In the case of Drumm-Flato Commission Co. v. Gerlack Bank, 92 Mo. App. 326, it is stated:

"Where a bank receives money as the property of A., and before payment acquires notice of B.'s claim thereto, it cannot be required to hold said money beyond a reasonable time for B. to protect his rights; and if he does not assert his rights within such time, he will be estopped. What is a reasonable time is a question for the jury." See Drumm-Flato Commission Co. v. Gerlack Bank, 81 S.W. 503.

The evidence in the case disclosed that the bank held the money for nine days after receiving the notice of the plaintiff. Whether this was a reasonable time was a question for the jury, and there was no error in overruling the motion to instruct a verdict for plaintiff.

It is next contended that the court erred in the giving of certain instructions.

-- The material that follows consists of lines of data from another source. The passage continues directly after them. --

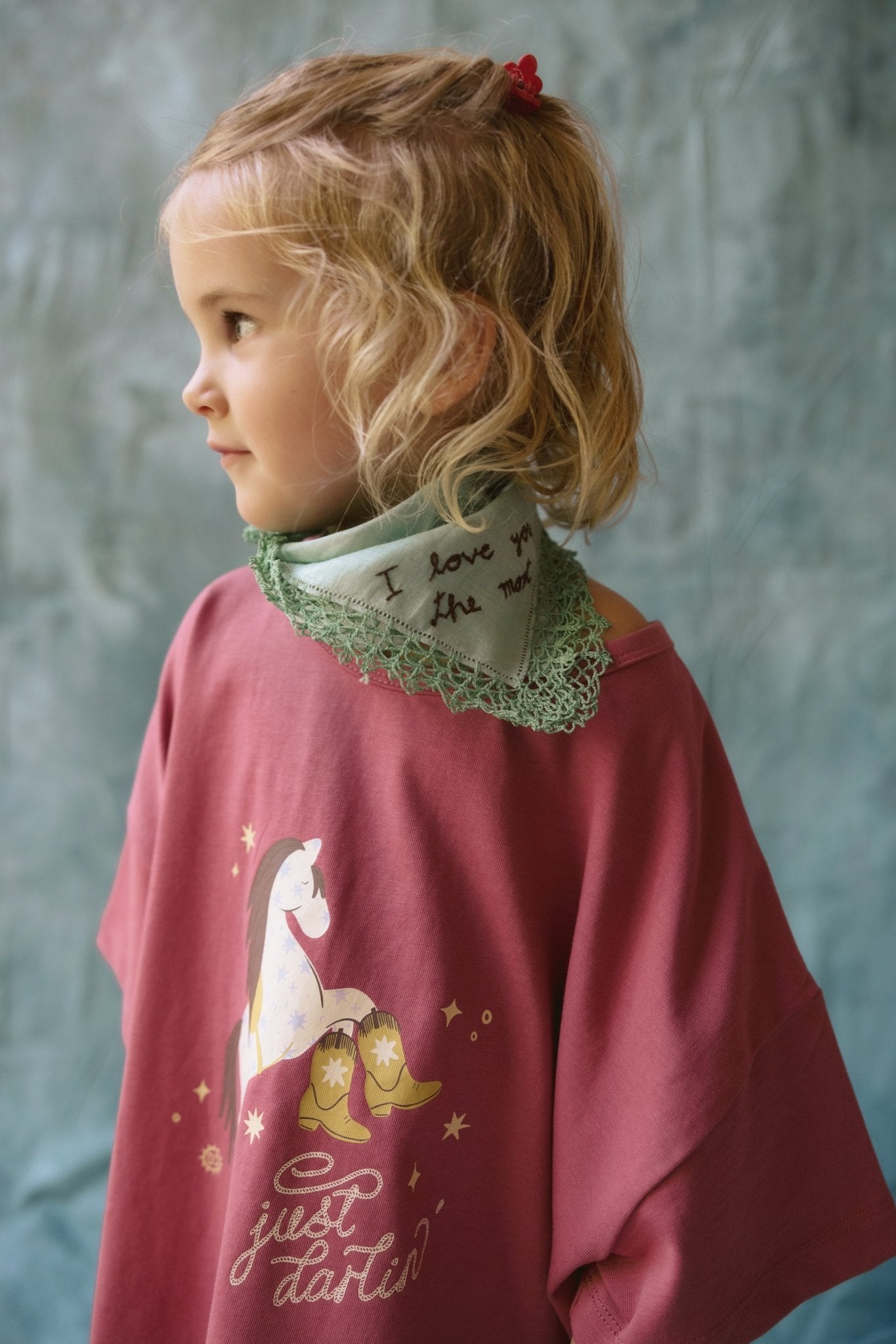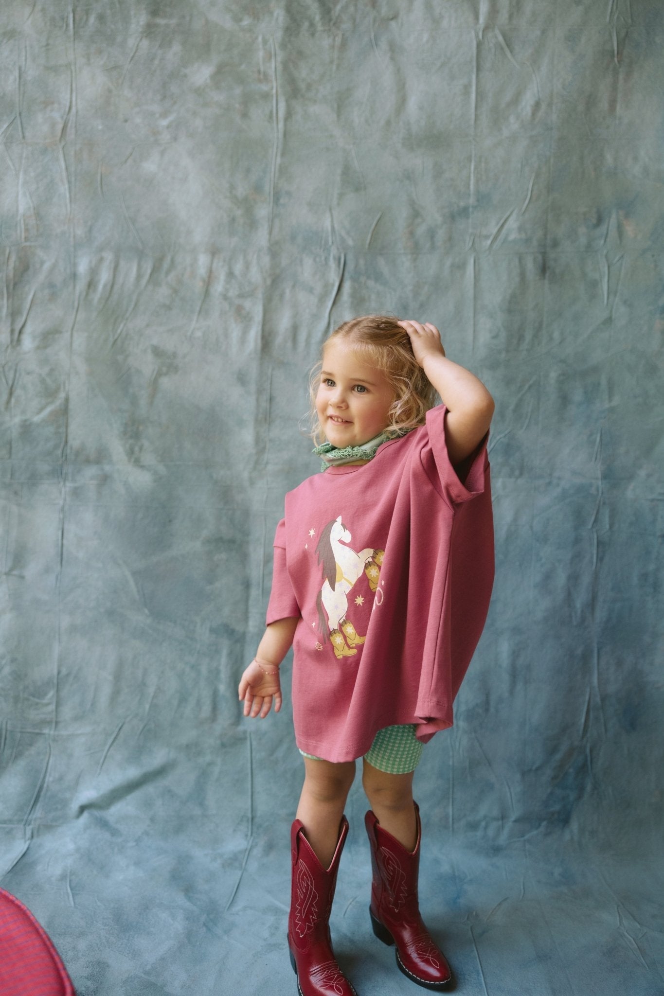 This unisex Toddler T-shirt in a soft mauve shade features our playful “Just Darlin’” graphic — complete with a horse in cowboy boots (because why not). It adds the perfect blend of charm and personality to your little one’s everyday style.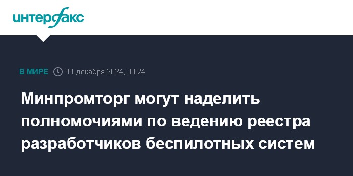 Минпромторг могут наделить полномочиями по ведению реестра разработчиков беспилотных систем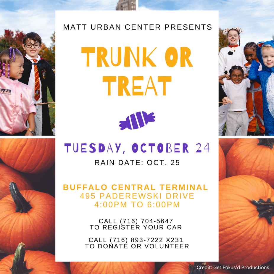On Tuesday, October 24th, from 4:00 pm to 6:00 pm, the Matt Urban Center will host “Trunk or Treat” at Buffalo Central Terminal, offering safe and family-friendly Halloween celebrations. Activities on the Terminal Lawn will include face painting, mask making, cider, and doughnuts. In case of rain, October 25th is the designated rain date.
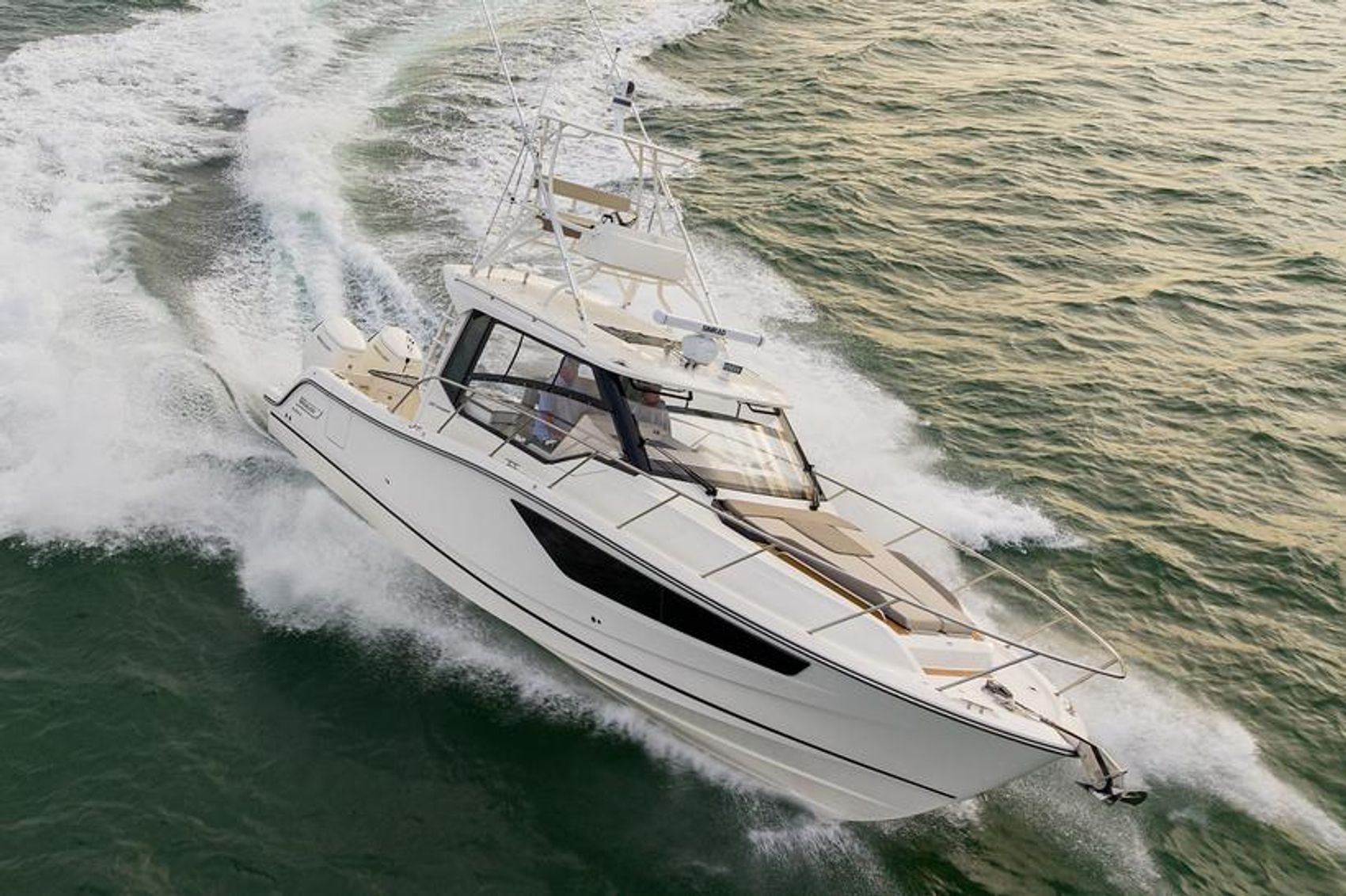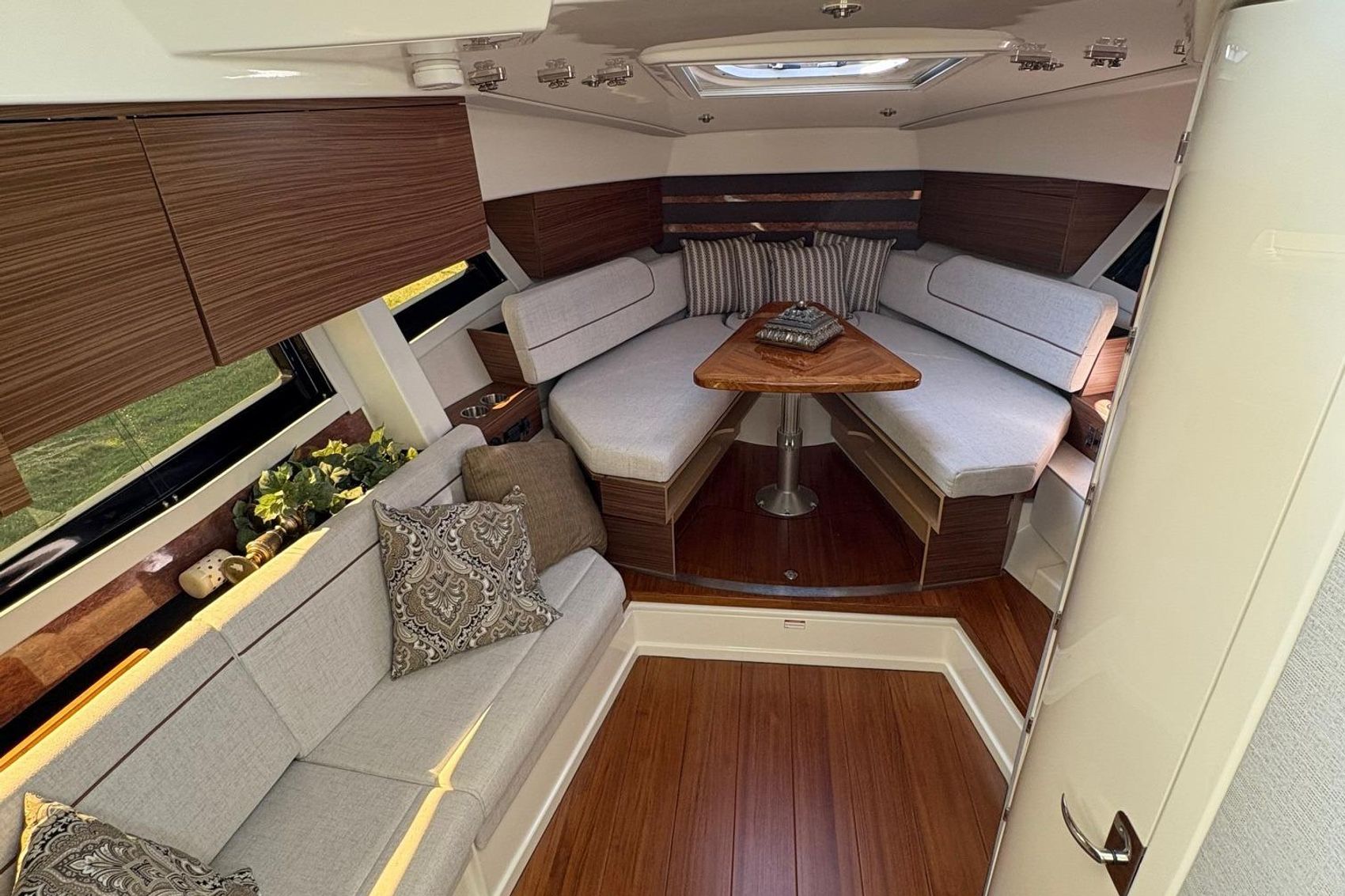 - 16,000 BTU AC unit with 2 helm vents, wet bar area vent, and discharge from hardtop to port helm deck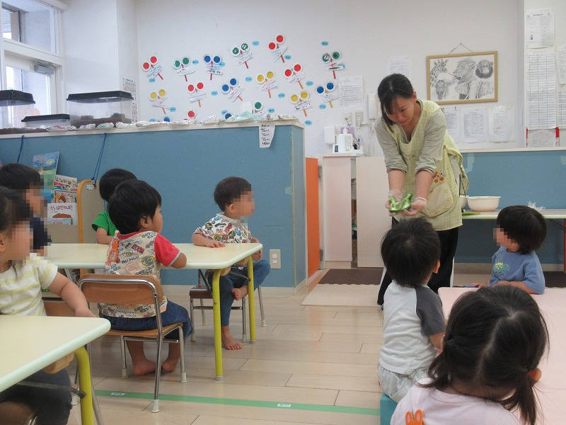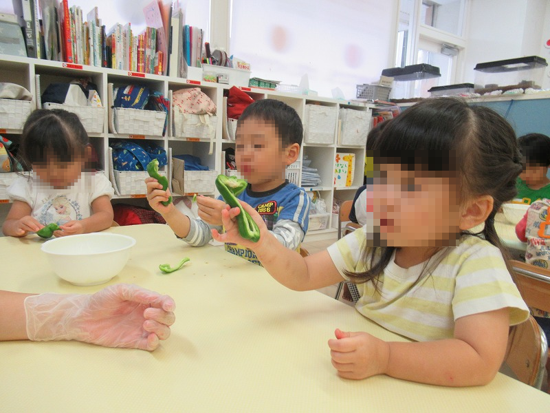 この日の食育はピーマンの種取りをしました先生から説明を受けたら、種取り開始(^-^)丁寧に種を取っていきます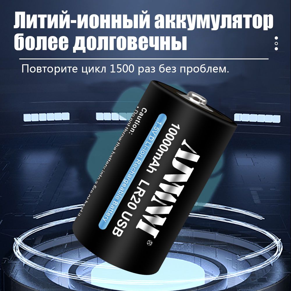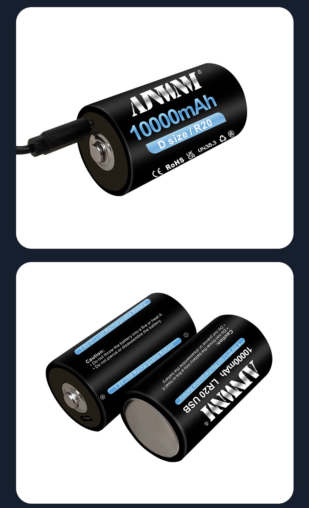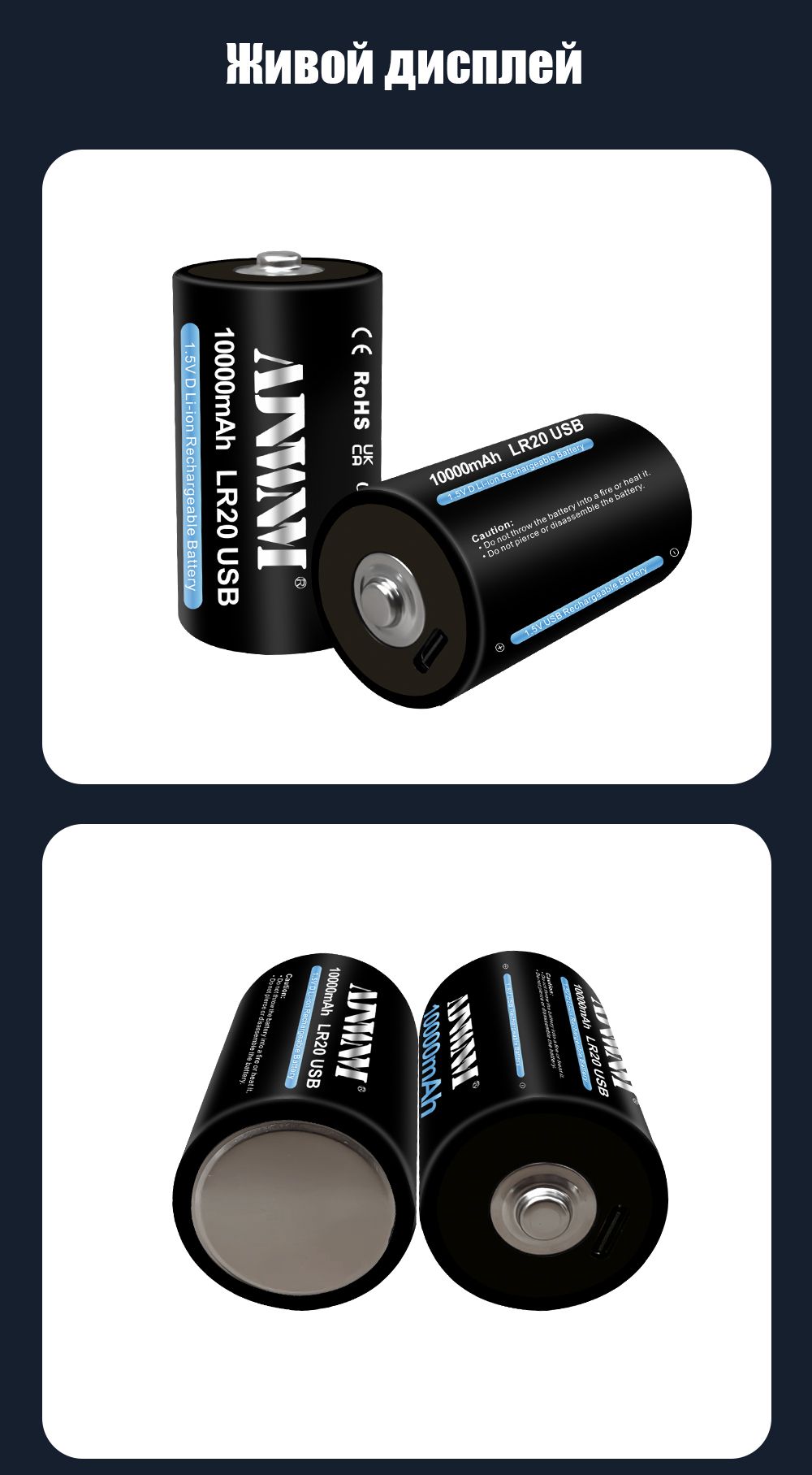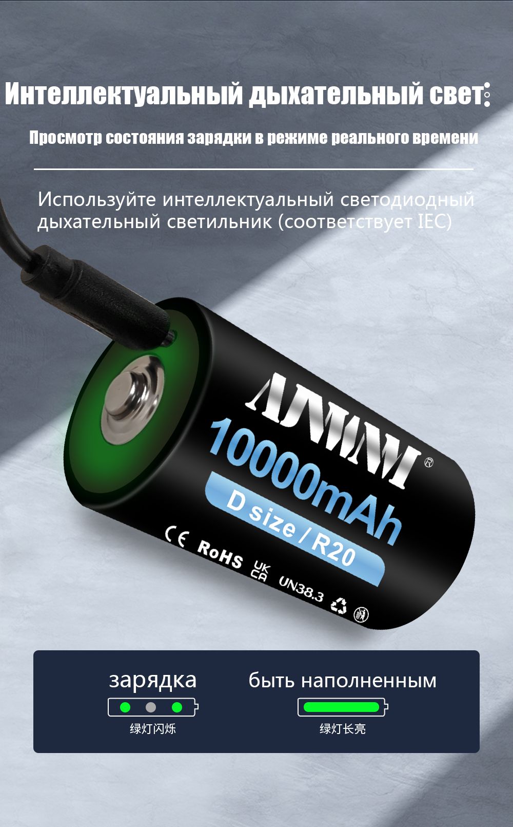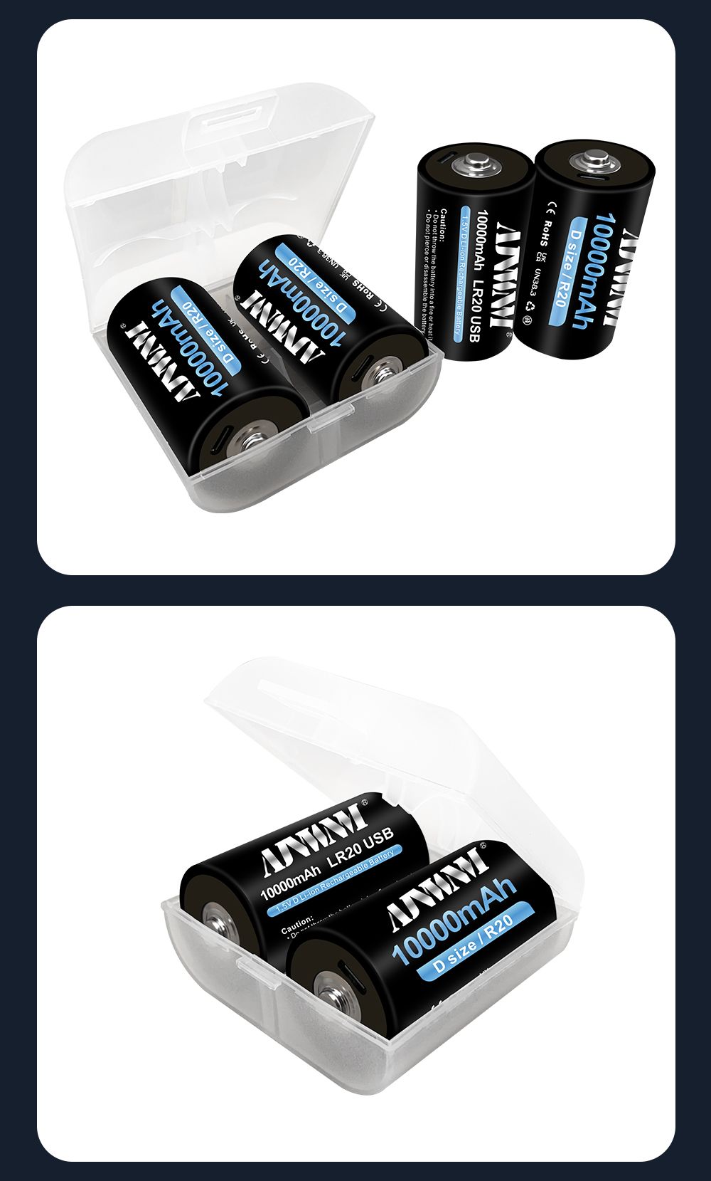 AJNWNM Аккумуляторная батарейка D, 1,5 В, 10000 мАч, 4 шт

The principal objection is made to instruction No. 5, where the court advised the jury that, in determining whether the plaintiff acted within a reasonable time or not, they should take into consideration all the circumstances of the case, and that the plaintiff would have a reasonable length of time to determine her rights in the matter, but no more, and it was her duty to determine her rights in the matter to protect her property by suit. We think there was no error in the giving of this instruction. The instruction, when considered with the other instructions, we think fairly submitted the case to the jury.

The plaintiff requested the court to advise the jury that they should take into consideration plaintiff's business experience in determining whether she acted within a reasonable time. We think there was no error in refusing this instruction, because there was no evidence regarding her business experience. Further, at the time she *9 served the notice on the bank, she was acting upon the advice of her lawyer, who was present representing her and advising her of her rights.

It is next contended that the ground of estoppel or laches does not apply to a wife in a transaction between husband and wife. This may be true, but this is a transaction with a third party, and the rule in 16 Cyc. 777, is stated as follows:

"A wife who knowingly permits her husband to deal with her property as his own will be estopped to assert her ownership against persons who have dealt with the husband in reliance on his apparent ownership or authority."

There are no authorities cited to support any of the other assignments of error, and therefore they will not be considered by the court. Blue v. Board of County Com'rs of Garvin Co.,82 Okla. 178, 198 P. 850.

For the reasons stated the judgment of the court is affirmed.

JOHNSON, MILLER, ELTING, KENNAMER, and NICHOLSON, JJ., concur.